About two months ago, I decided to spend a little time at my older sister's house because being at mine almost threw me into a depression plus I just couldn’t bear being alone as it had begun to feel dangerous to my mind. This made me choose noise instead because having children running around, voices calling my name every minute and life happening loudly helped heal me in ways I didn’t know I needed.
One night, after I had tucked my nieces and nephew in bed, I sat scrolling through TikTok, half-listening as they excitedly narrated their day at school. Then a video came on my FYP asking people to share experiences they had which they hundred percent knew were real but were never believed when told. The comment section was a graveyard of chilling stories. I must have gone quiet, because my nieces noticed. So they leaned over, peering into my phone, curious about whatever had stolen my attention.
That was when the second-born said, very calmly,
“Aunty, I have one.”
I looked up immediately. “Okay,” I said, trying to sound casual. “Let’s hear it.”
She told me it happened the night she turned nine. The weather was cold and she jolted awake to find she had wet the bed. Afraid of being punished in the morning, she decided to clean it herself. Quietly, she slipped out of her room and headed to the basement to get a rag.
And there, by the curtain, she said, stood a man she didn’t recognize. A complete stranger.
She said her body went cold instantly as fear washed over her, but not enough to send her running back to her room. In her words, her mother’s anger felt scarier than the stranger. So she walked into the basement anyway, shut the door and said nothing. Neither did she want to look nowhere in his direction. Her heart raced as she searched for the rag, refusing to turn around.
But when she finally did, he was gone.

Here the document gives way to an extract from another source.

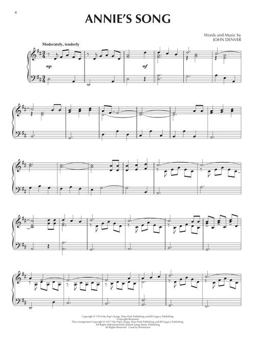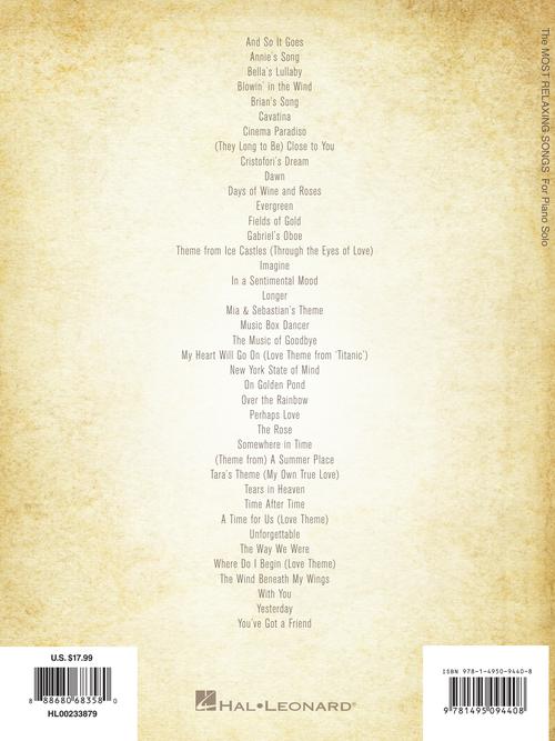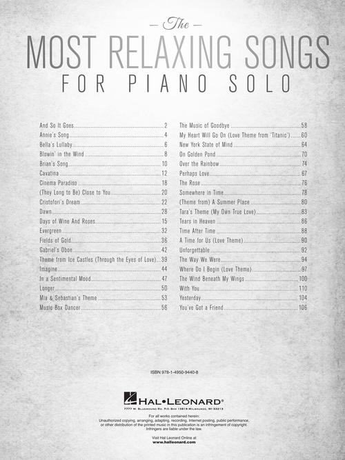40 soothing selections arranged for piano solo, including: Annie's Song · Brian's Song · Cristofori's Dream · Evergreen · Fields of Gold · Gabriel's Oboe · Imagine · Music Box Dancer · Over the Rainbow · The Rose · A Time for Us (Love Theme) · The Way We Were · You've Got a Friend · and more.
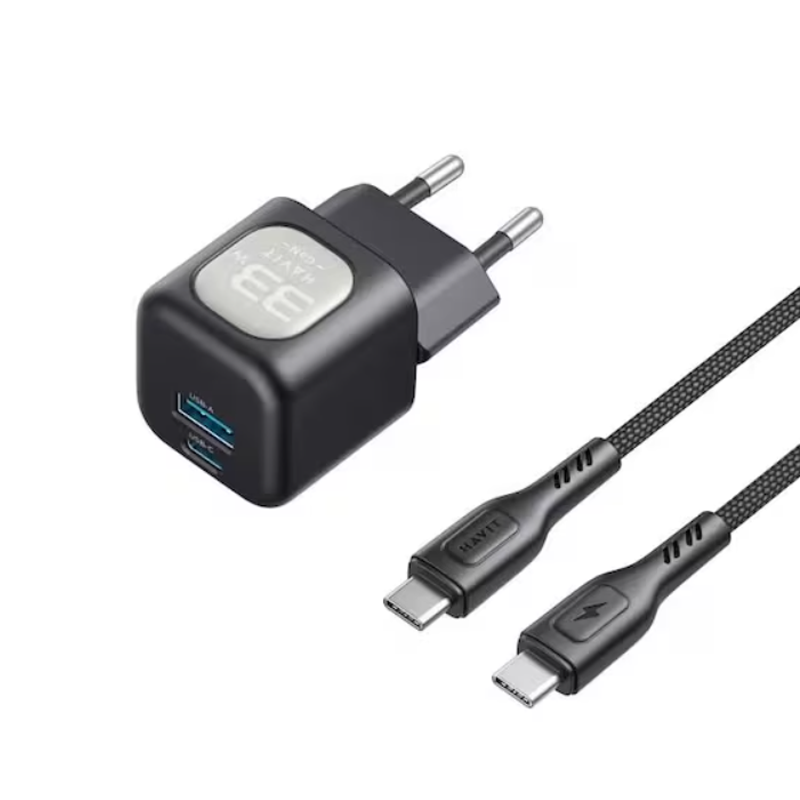 Havit UC233 33W GaN Travel CHARGER WITH USB-C TO USB-C Cable

My niece swore it wasn’t her imagination. Swore she saw him clearly. As she finished, her siblings nodded. They said she told them the next morning, though she never told their parents.
The eldest added that she believed it. Their voices were low now. Asserting that when their parents got the house, it had been abandoned and empty for years. I literally just sat there in silence, unsure what unsettled me more, the story itself or the way it was told without drama or exaggeration. Just a child recounting something she had witnessed and carried alone.
I keep asking myself, can an eleven-year-old make up something like that, unprovoked, and keep it consistent for years?
As for me, I’ve always believed in ghosts. Not in the romanticized, floating-sheet sense but in the idea that some things are summoned. That humans, through rituals and black magic, open doors they cannot close. Haiti and history comes to mind though. The things people do when they want power over the unseen.
Right now, I now avoid that basement like a plague. I mean I dread it. I go down only when absolutely necessary, and even then, I don’t linger. Belief doesn’t always come from seeing, it also comes from listening and realizing your fear arrived long before your doubt.